There are different approaches to cope with that. Depending on your dataset size and other factors, maybe you have all your data in an object store such as S3 anyway. If you’re building the ML model and its container from scratch, then it might be a good idea to simply not bank on a persistent file system but stream all data from the object store once you need it. Refer to my post on storage for a more holistic view on storage for ML and to learn more about streaming data into a container from an object store.

However, sometimes we will not want to meet this ambition of a fully ephemeral container without file system mounts, because we don’t want to create an S3 bucket, an IAM policy and role, provision the credentials so that the container can … - yeah, you get the point. Not using a file system mount can be an extra effort. At other times, it might not be at our discretion of whether to use a local folder, or stream from and to an object store, but will have to live with what is given. E. g., when you are replicating ML research using code published along with their papers, authors will generally assume that training or test data is in some folder in the repo.
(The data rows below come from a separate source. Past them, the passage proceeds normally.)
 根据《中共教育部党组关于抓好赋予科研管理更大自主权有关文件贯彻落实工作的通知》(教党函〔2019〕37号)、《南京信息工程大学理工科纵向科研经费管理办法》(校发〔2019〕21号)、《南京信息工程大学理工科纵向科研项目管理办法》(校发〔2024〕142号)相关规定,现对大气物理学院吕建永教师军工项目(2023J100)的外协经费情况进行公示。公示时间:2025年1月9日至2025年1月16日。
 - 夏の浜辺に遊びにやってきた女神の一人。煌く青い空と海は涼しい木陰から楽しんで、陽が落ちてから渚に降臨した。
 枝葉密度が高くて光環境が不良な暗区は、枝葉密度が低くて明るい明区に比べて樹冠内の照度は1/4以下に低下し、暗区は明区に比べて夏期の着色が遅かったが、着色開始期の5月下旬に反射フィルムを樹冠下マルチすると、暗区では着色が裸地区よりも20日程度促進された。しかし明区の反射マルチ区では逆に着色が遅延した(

To define a Docker file system mount, we can use docker-compose (instead of having to pass the paths through the Docker CLI). For example, a simple docker-compose.yml look like this:

# docker-compose.yml 
version: "2.4"

services:
  object-tracking:
    # build time
    image: object-tracking
    build:
      context: .

    # run time
    runtime: nvidia # {nvidia | runc}
    shm_size: 4gb
    volumes: 
      - /home/ubuntu/object-tracking/data:/exchange/data
      - /home/ubuntu/object-tracking/output:/exchange/output
      - /home/ubuntu/object-tracking/checkpoint:/exchange/checkpoint

The docker-compose.yml describes the parameters to run and build the container image on the remote host. This includes the file system mounts, i. e. a docker-compose.yml will contain the absolute file system path in terms of the remote Docker host. We can not use relative paths, and we have to indicate a path that exists on the remote Docker host. There are two things to note here:

First, since we have cannot indicate relative paths in a volume definition in the docker-compose.yml file, it is machine-specific. If you want to run the same container on your local machine, modify the docker-compose.yml file with the corresponding volumes section accordingly, or use a docker-compose.override.yml.
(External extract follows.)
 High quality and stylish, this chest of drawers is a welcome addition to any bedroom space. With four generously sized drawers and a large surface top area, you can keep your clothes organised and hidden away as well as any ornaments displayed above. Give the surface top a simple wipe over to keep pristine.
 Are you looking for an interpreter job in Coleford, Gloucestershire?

Second, if mounting the remote file system into the container executed on the remote host, you probably will have to find a mechanism to also exchange data between your local machine and the remote machine. Two approaches come to mind. One approach is to use an SSHFS mount. And yes, of course, docker-machine once again helps us out here and supports this out-of-the-box. E. g.:

# create a mount point with an arbitrary name, e. g. mnt
mkdir mnt 

# create a folder with a file on the remote host
docker-machine ssh docker-ml "mkdir -p test-dir && cd test-dir && echo 'Hi :)' > test-file.txt" 

 # mount the remote host to the local dir
docker-machine mount docker-ml:test-dir mnt

# show the files of the remote host inside the mounted drive
ll mnt
> .
> ..
> test-file.txt

# copy data, checkpoints, etc. over, run the container using docker-compose with the Docker volume mounts defined there, and finally have a look at your model's output)
# ... 

# unmount the volume
umount mnt

To get this straight: we’re talking about two different mounts here:

  • First, mounting the remote file system into your local file system
  • Second, mounting the remote file system into the container executed on the remote host

If you prefer creating actual copies, rsync is a good match.

Assuming you have setup the SSH config, you can simply run

rsync -ric \
    object-tracking/data/ \
    docker-ml:object-tracking/data/

to sync files from the local folder exchange/data to the remote folder, if and only if they are non-existent or different on the remote. Swap source and target to sync files in the other direction.

Conclusion

This post has given some guidance on how to setup an EC2 instance appropriate for deep learning using docker-machine, and how my workflow looks like using it.